I've been reading a lot about the short story. Fellow blogger SWUBIRD also gave me a little direction that I needed more character development. Taking all things into consideration, I'm going to take the beginning drafts from my exercise experiment and fine tune over the next few Workshop Wednesday posts.
The Writer's Digest has a couple of Handbooks of Short Story Writing out. Each handbook is broken into chapters, actually articles that could stand on their own, written by individual authors. I've found some great information in these that I want to incorporate and try to apply.
In "How to Start Smart," a chapter under Craft and Technique, by Roy Sorrels, the beginning is everything. There must be character and setting definition that grabs a reader and compels them to move forward.
Sorrels goes on to say that you must tell the reader who the story is about. This must be done in a way that cues an image of the character in the reader's mind.
In draft one I chose to write in the first person. Sorrels says that developing character images from that narrative is difficult.
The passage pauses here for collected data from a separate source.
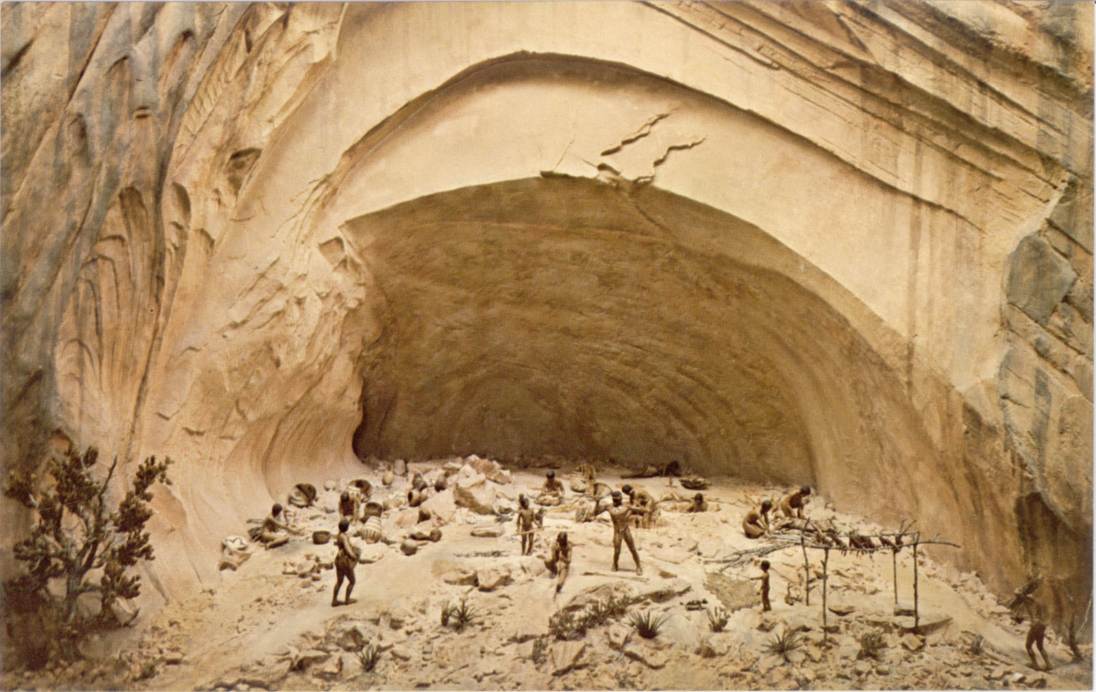 When Step House Cave, three miles west of the park museum, was excavated in 1926, the ruins of three Modified Basketmaker pithouses were found. They were built about 600 A. D.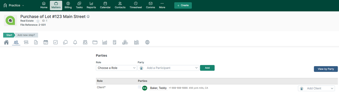 If the matter has already been created, find the matter in Practice Management, go to the Parties Tab and look up or add the additional clients to the matter. The first client added to the matter becomes the primary client on matter and assumes 100% of the invoice until billing percentages are established for the co-clients in Legal Accounting.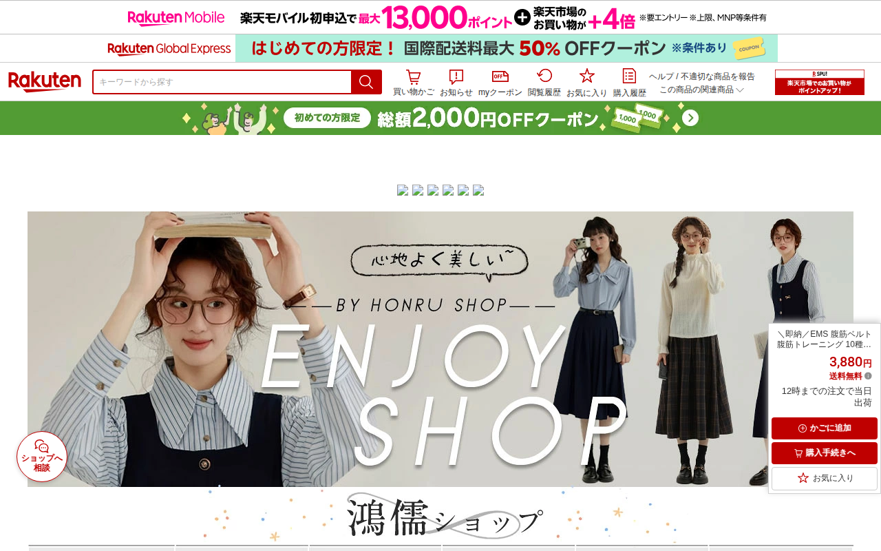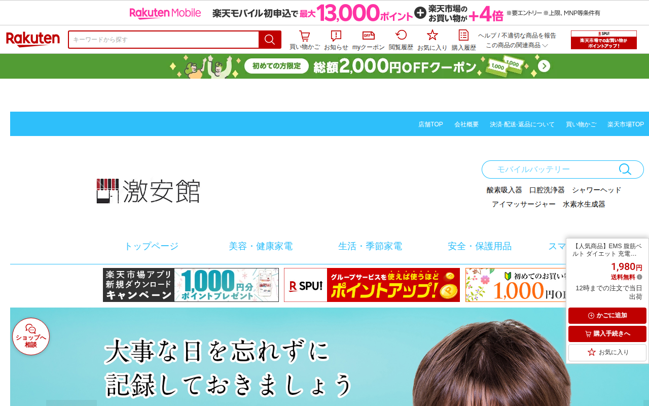 このページは、楽天市場で販売されているEMS腹筋ベルトの商品ページです。価格は1,980円で送料無料、12時までの注文で当日出荷されます。10段階調節、6モードの振動機能を備え、USB充電式で男女兼用です。微小電流パルス...

In another chapter, "What to Leave Out and What to Put In" by Kit Reed, cutting the fat and getting to the meat of the story is desirable. Reed says that you should think your reader knows what you know coming in, so going over on too much detail is not necessary.
Taking this to heart, what if I maintain my first person account through Jess, cut the fat, and make Pam and Jess my protagonists? Maura will be secondary, almost an afterthought.
Original First Draft:
"Two years!" A familiar voice broke the silence of the moonlit room. I closed the door behind me and reached for the light switch. "Don't turn them on." I threw my keys onto the sofa table,
"Pam, you're awake?"I could see her huddled on the couch. The room reeked of smoke. I sat down across from her. As my eyes adjusted to the darkness, I could see her more clearly.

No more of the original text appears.